• _Problem statement_: From first line to last, transcribe the listing exactly and skip any image.

• _Data excerpt_:
'''

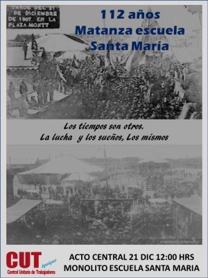 Intervención autoconvocada para conmemorar este 21 de diciembre, la Masacre de la Escuela Santa María, a 112 años del exterminio masivo de obreros del salitre
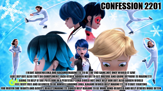 “i want adrienxluka and kagamixmarinette to be the end game,not only would it give lgbt rep but also they do compliment each other. Adrien needs to get mature and grow up?how is marinette going to help if she puts him in a pedestal? luka could not only help him but also adrien would feel very free and allowed to be himself around luka. kagami would help marinette to start fighting for watch she wants and accept reality,marinette could help kagami to be more kind-hearted and help others more often”
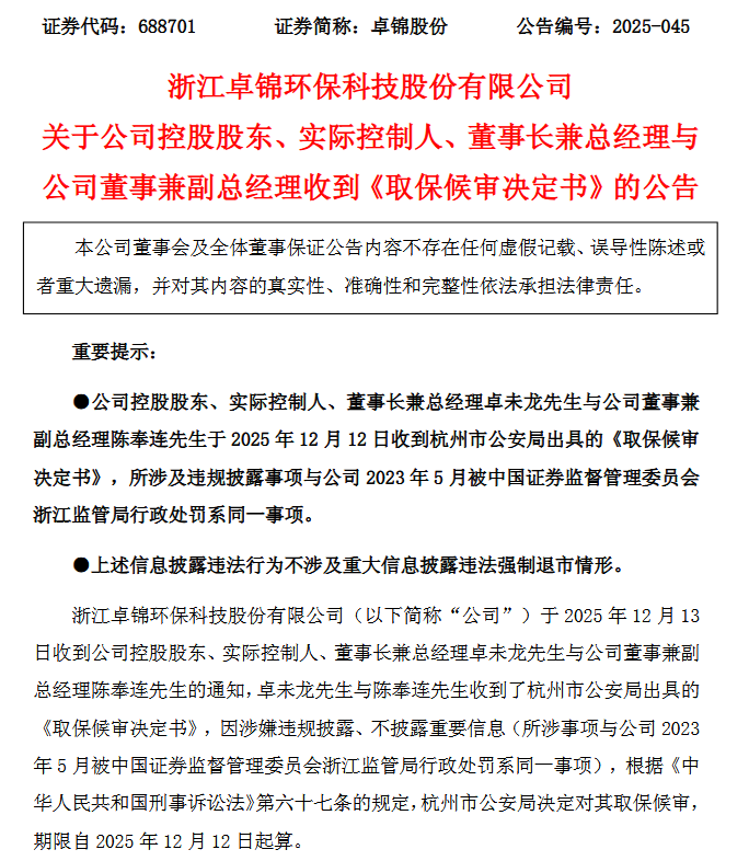 12月15日,卓锦股份(维权)公告,公司控股股东、实际控制人、董事长兼总经理卓未龙与公司董事兼副总经理陈奉连于2025年12月12日收到杭州市公安局出具的《取保候审决定书》,所涉及违规披露事项与公司2023年5月被中国证券监督管理委员会浙江监管局行政处罚系同一事项。上述信息披露违法行为不涉及重大信息披露违法强制退市情形。

'''

• _Response to the task_:
 Intervención autoconvocada para conmemorar este 21 de diciembre, la Masacre de la Escuela Santa María, a 112 años del exterminio masivo de obreros del salitre
 “i want adrienxluka and kagamixmarinette to be the end game,not only would it give lgbt rep but also they do compliment each other. Adrien needs to get mature and grow up?how is marinette going to help if she puts him in a pedestal? luka could not only help him but also adrien would feel very free and allowed to be himself around luka. kagami would help marinette to start fighting for watch she wants and accept reality,marinette could help kagami to be more kind-hearted and help others more often”
 12月15日,卓锦股份(维权)公告,公司控股股东、实际控制人、董事长兼总经理卓未龙与公司董事兼副总经理陈奉连于2025年12月12日收到杭州市公安局出具的《取保候审决定书》,所涉及违规披露事项与公司2023年5月被中国证券监督管理委员会浙江监管局行政处罚系同一事项。上述信息披露违法行为不涉及重大信息披露违法强制退市情形。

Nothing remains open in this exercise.